_Data records:_
====

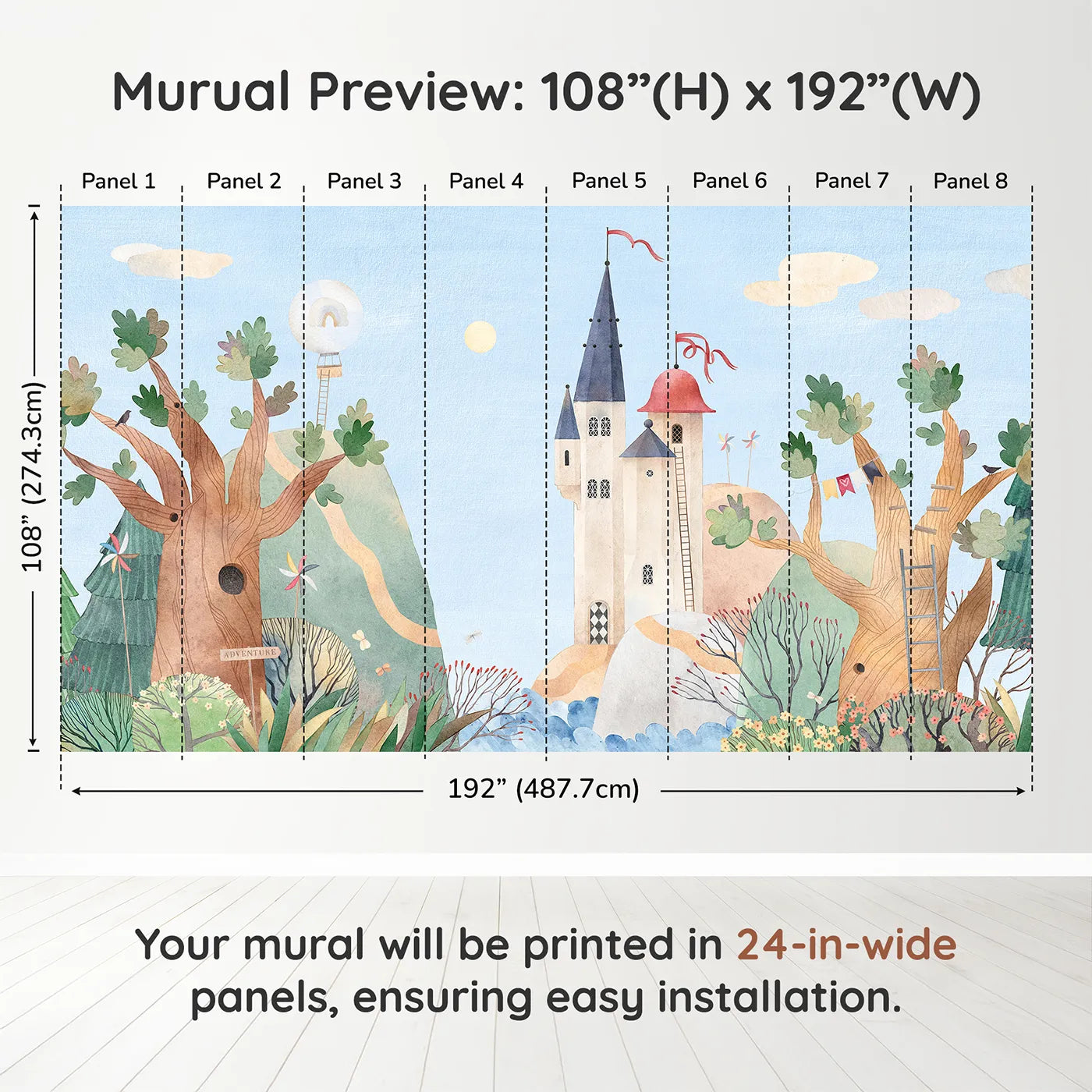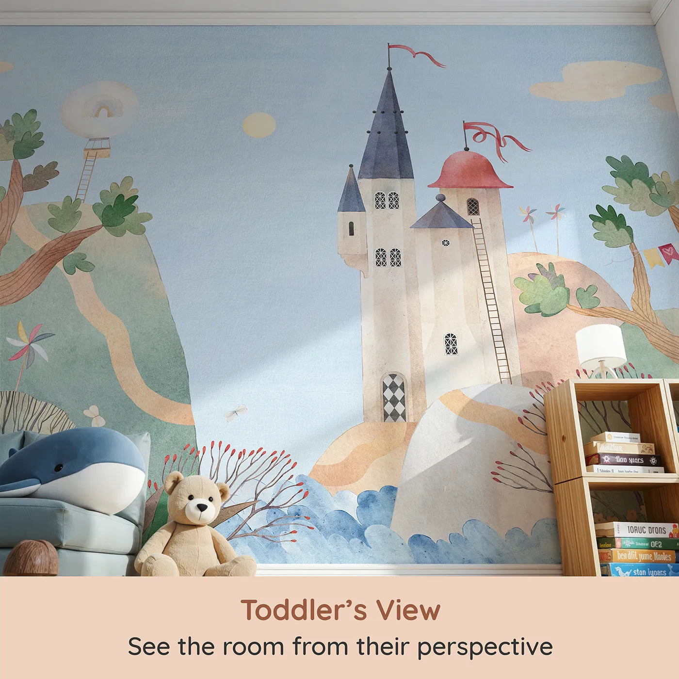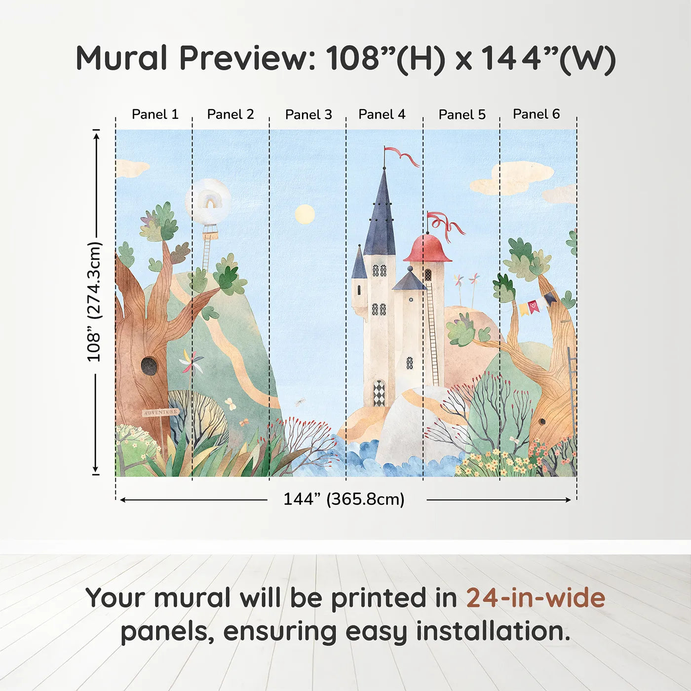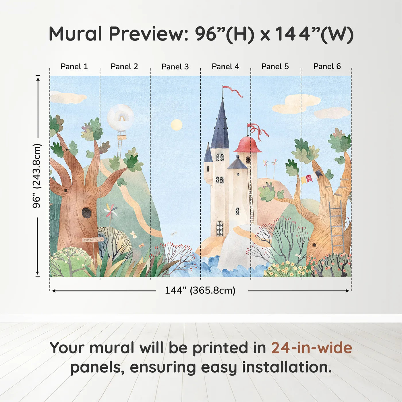 Let their imagination wander through the streets of this magical village. This detailed watercolor wall mural features a charming town of colorful castles and whimsical trees. It's a scene brimming with warmth, character, and stories waiting to be told.
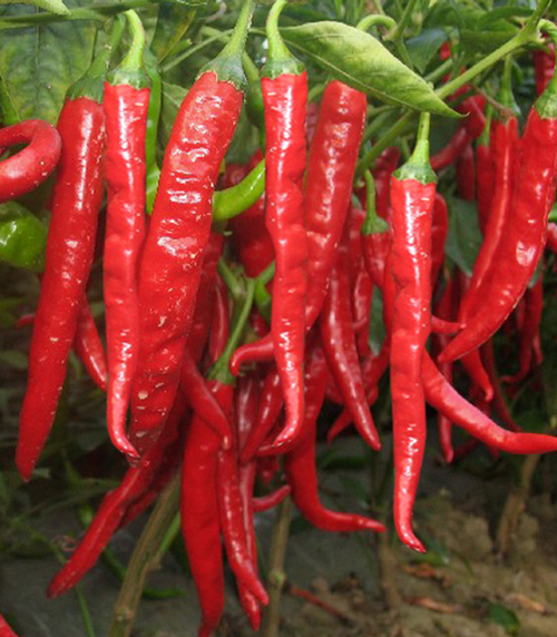 三、红泽一号:该品种是利用鸡泽辣椒和川椒杂交选育而成。早熟,株高60cm,株幅55cm,果长20cm,单果重18-20克,嫩果皮绿,熟果鲜红,味辣浓,适抗病性强,耐高温,亩产鲜椒3000公斤。是鲜辣椒走市场的最佳品种。
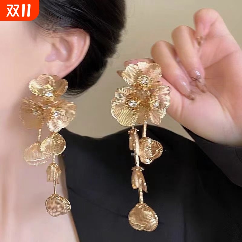 金色花朵流苏耳环女欧美重工夸张圆脸耳坠耳饰品小众轻奢气质耳钉
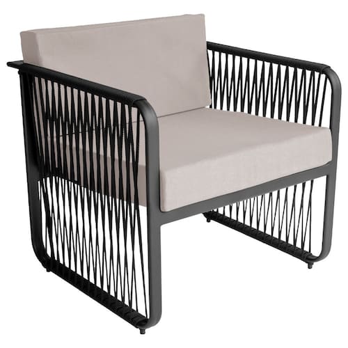A Poltrona Santiago ? perfeita para ?reas gourmet, varandas, churrasqueiras e espa?os externos. Produzida artesanalmente, sua estrutura em alum?nio garante leveza e resist?ncia, enquanto os acabamentos em corda n?utica adicionam charme e sofistica??o. Seu assento estofado conta com tecido imperme?vel, proporcionando ainda mais comodidade e praticidade no dia a dia.
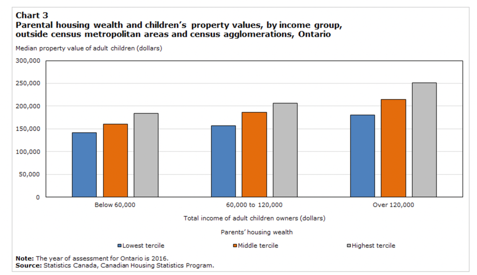 As StatCan highlights, their results suggest that parental property ownership affects not only children's ability to access home ownership as adults, but also the value of the properties they own and, therefore, their ability to build up greater home equity and financial assets.
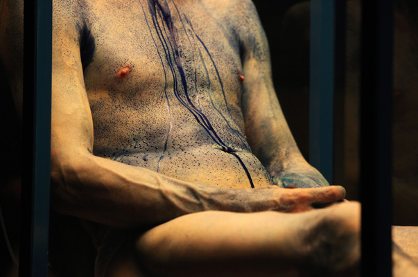 Sein Körper ist unbeweglich, die Augen geschlossen, die Augen offen. Nach und nach beginnen blaue Tränen über seine Wangen zu rollen, er weint blau. Aus seiner Nase läuft blauer Rotz, aus seinem Mund blauer Schleim, aus seinen Achseln blauer Schweiß und jetzt auf seiner Stirn, seinem Rücken, seinem Bauch, seinen Beinen, sein ganzer Körper schwitzt blau. Immer auf der Suche nach diesem universellen Menschen greift er das Wesentliche von Bleu Provisoire auf, knetet es, verwandelt es, metamorphosiert es, um die Sinne zu erschüttern und diese verletzliche menschliche Realität besser zu enthüllen. Durch seine unsichtbaren Bewegungen, den Blick und seinen sichtbar gemachten blauen Schweiß gelingt es Yann Marussich, unser Äußeres zu verinnerlichen und unser Unbewusstes bewusst zu machen.
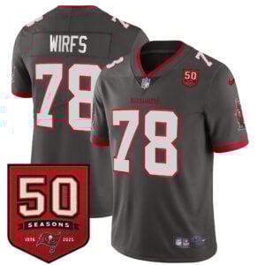 Tristan Wirfs Tampa Bay Buccaneers 50th Season Pewter Alternate Vapor Limited Jersey – All Stitched enhances the alternate pewter with anniversary details. Stitched numbers, embroidered team logos, and commemorative patches show Florida football spirit and Tampa Bay Buccaneers tradition.
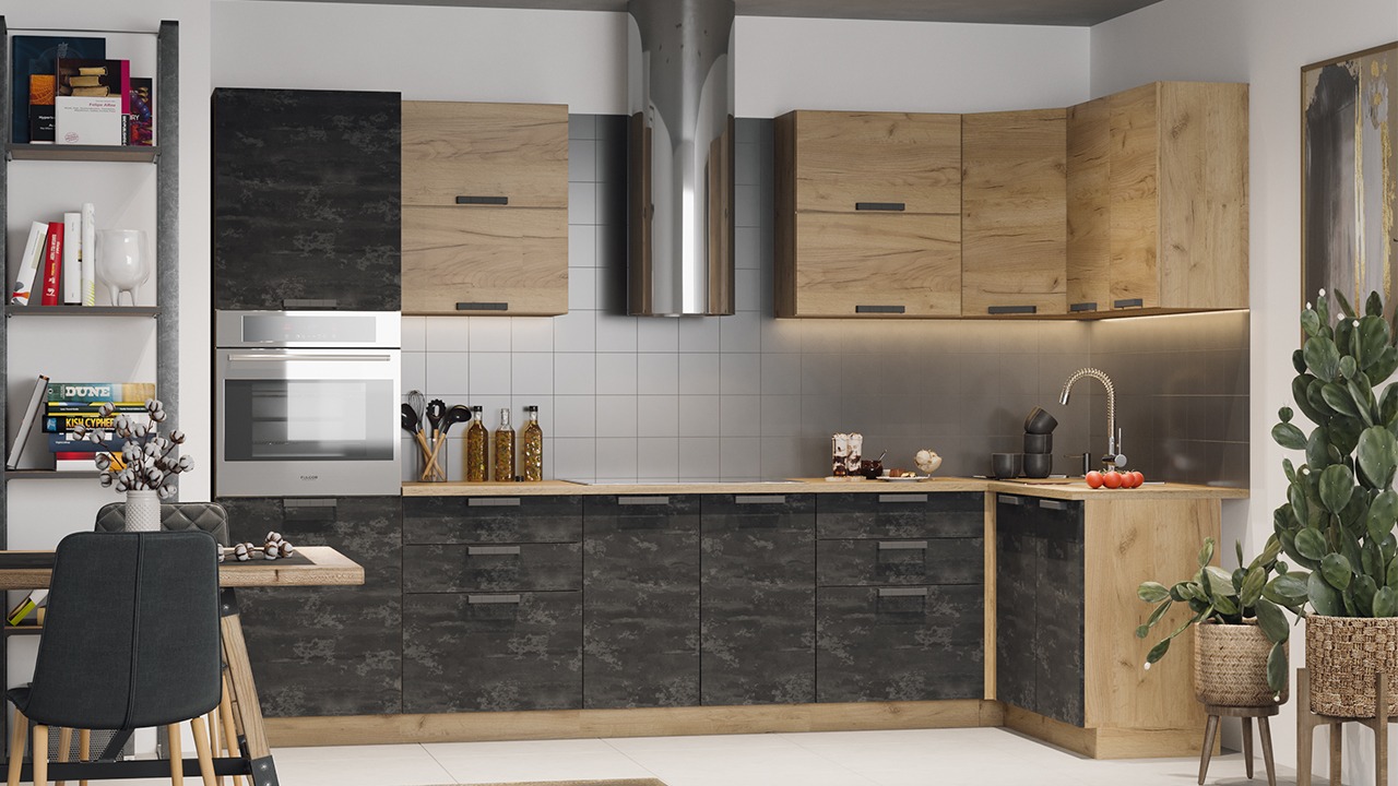 | Оттенок фасадаКоричневый, Черный | Цвет ручкиЧерный | Цвет фасадаДуб Крафт золотой, Угольный Камень |

====

_Exercise:_
Pictures are to be left out; the rest of the listing should be printed exactly.

_Finished exercise:_
 Let their imagination wander through the streets of this magical village. This detailed watercolor wall mural features a charming town of colorful castles and whimsical trees. It's a scene brimming with warmth, character, and stories waiting to be told.
 三、红泽一号:该品种是利用鸡泽辣椒和川椒杂交选育而成。早熟,株高60cm,株幅55cm,果长20cm,单果重18-20克,嫩果皮绿,熟果鲜红,味辣浓,适抗病性强,耐高温,亩产鲜椒3000公斤。是鲜辣椒走市场的最佳品种。
 金色花朵流苏耳环女欧美重工夸张圆脸耳坠耳饰品小众轻奢气质耳钉
A Poltrona Santiago ? perfeita para ?reas gourmet, varandas, churrasqueiras e espa?os externos. Produzida artesanalmente, sua estrutura em alum?nio garante leveza e resist?ncia, enquanto os acabamentos em corda n?utica adicionam charme e sofistica??o. Seu assento estofado conta com tecido imperme?vel, proporcionando ainda mais comodidade e praticidade no dia a dia.
 As StatCan highlights, their results suggest that parental property ownership affects not only children's ability to access home ownership as adults, but also the value of the properties they own and, therefore, their ability to build up greater home equity and financial assets.
 Sein Körper ist unbeweglich, die Augen geschlossen, die Augen offen. Nach und nach beginnen blaue Tränen über seine Wangen zu rollen, er weint blau. Aus seiner Nase läuft blauer Rotz, aus seinem Mund blauer Schleim, aus seinen Achseln blauer Schweiß und jetzt auf seiner Stirn, seinem Rücken, seinem Bauch, seinen Beinen, sein ganzer Körper schwitzt blau. Immer auf der Suche nach diesem universellen Menschen greift er das Wesentliche von Bleu Provisoire auf, knetet es, verwandelt es, metamorphosiert es, um die Sinne zu erschüttern und diese verletzliche menschliche Realität besser zu enthüllen. Durch seine unsichtbaren Bewegungen, den Blick und seinen sichtbar gemachten blauen Schweiß gelingt es Yann Marussich, unser Äußeres zu verinnerlichen und unser Unbewusstes bewusst zu machen.
 Tristan Wirfs Tampa Bay Buccaneers 50th Season Pewter Alternate Vapor Limited Jersey – All Stitched enhances the alternate pewter with anniversary details. Stitched numbers, embroidered team logos, and commemorative patches show Florida football spirit and Tampa Bay Buccaneers tradition.
 | Оттенок фасадаКоричневый, Черный | Цвет ручкиЧерный | Цвет фасадаДуб Крафт золотой, Угольный Камень |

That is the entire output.